Two-component systems (TCS) are signal transduction systems in bacteria and many other organisms that relay the sensory signal to genetic components. TCS consist of two proteins: a histidine kinase and a response regulator that the histidine kinase activates. This seemingly simple machinery can generate complex regulatory dynamics that enables the level of gene expression that matches the input signal: many TCS response regulators act on their own genes as transcription factors, resulting in a positive autoregulation mechanism. This regulation, in return, modulates the transcription factor activity as a function of the input signal. Positive autoregulation does not necessarily result in positive feedback. Sensitivity to autoregulation is quantified as the output level amplification resulting from the positive autoregulation mechanism. Another structural property of these systems is formally characterized as “robustness”: in a robust TCS, the output of the system is solely a function of the input signal. Thus, a robust TCS remains insensitive to fluctuations in the concentrations of its protein components and, this way, maintains the precision in the output transcription factor activity in response to input stimulus. In this paper, we show with a formal model that TCS operate on a spectrum of inverse correlation between robustness and sensitivity to autoregulation. Our model predicts that the modulation by positive autoregulation is a function of loss in TCS robustness, for example, by spontaneous dephosphorylation of the histidine kinase. Consequently, the loss in robustness provides a proportional modulation by positive autoregulation to widen the response range with a scaled amplification of the output. At the other end of the spectrum, in the presence of a strictly robust TCS machinery, amplification of the transcription factor activity by autoregulation is diminished. We show that our results are in agreement with published experimental results. Our results suggest that these TCS evolve to converge at a trade-off between robustness and positive autoregulation.
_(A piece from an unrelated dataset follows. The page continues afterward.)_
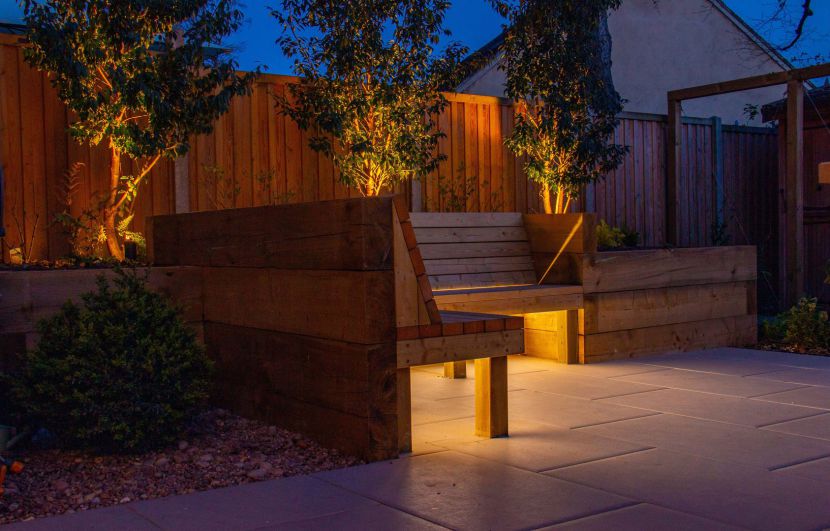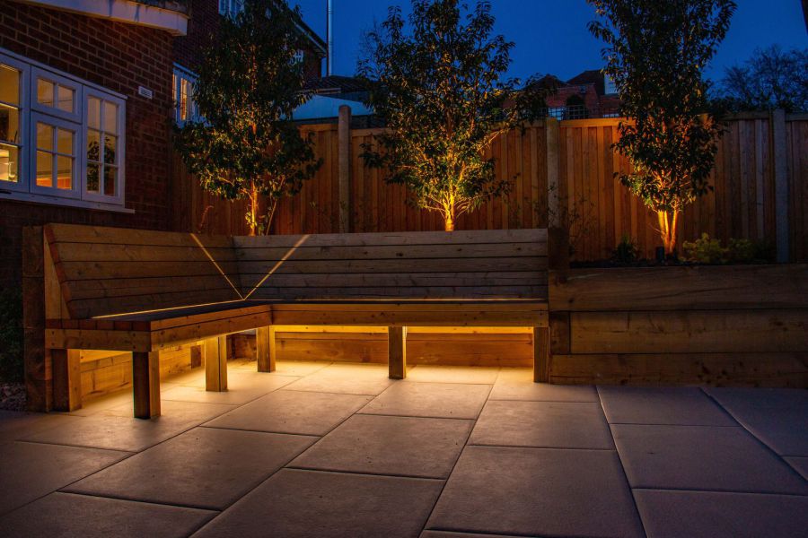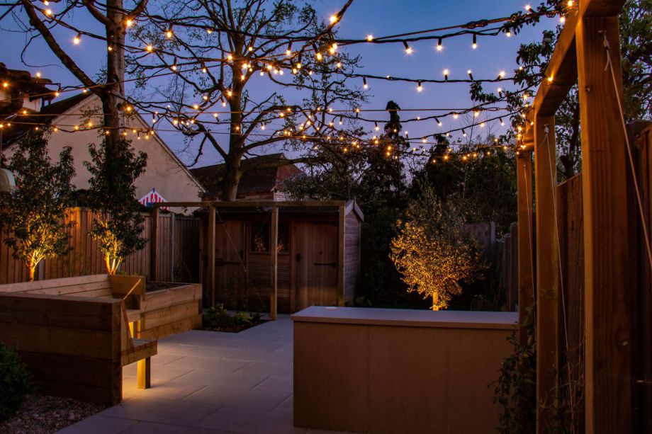 Removal of the shrubs allowed for a dining area that was in turn extended into the main garden area. Stainless steel wiring attached to wood posts provided privacy and allowed lighting to hung overhead. In time evergreen scented climbers will scramble along the wires.The BBQ worktop partitions the two spaces and allows for food to be served driectly to diners.

双成分系统 (TCS) 是细菌和许多其他生物体中的信号转导系统，可将感觉信号传递给遗传成分。TCS 由两种蛋白质组成：组氨酸激酶和组氨酸激酶激活的反应调节剂。这种看似简单的机制可以产生复杂的调节动力学，使基因表达水平与输入信号相匹配：许多 TCS 反应调节因子作为转录因子作用于它们自己的基因，从而产生积极的自动调节机制。作为回报，这种调节调节转录因子活性作为输入信号的函数。积极的自动调节并不一定会导致积极的反馈。对自动调节的敏感性被量化为由正自动调节机制产生的输出水平放大。这些系统的另一个结构特性被正式描述为“鲁棒性”：在鲁棒的 TCS 中，系统的输出仅仅是输入信号的函数。因此，稳健的 TCS 对其蛋白质成分浓度的波动仍然不敏感，并且通过这种方式，保持输出转录因子活性对输入刺激的响应的精确度。在本文中，我们用一个正式的模型展示了 TCS 在鲁棒性和对自动调节的敏感性之间的反相关谱上运行。我们的模型预测，通过正向自动调节进行的调节是 TCS 稳健性丧失的函数，例如，通过组氨酸激酶的自发去磷酸化。最后，鲁棒性的损失通过正向自动调节提供比例调制，以扩大响应范围，并按比例放大输出。另一方面，在存在严格稳健的 TCS 机制的情况下，自动调节对转录因子活性的放大作用减弱。我们表明我们的结果与已发表的实验结果一致。我们的结果表明，这些 TCS 演变为在稳健性和积极的自动调节之间进行权衡。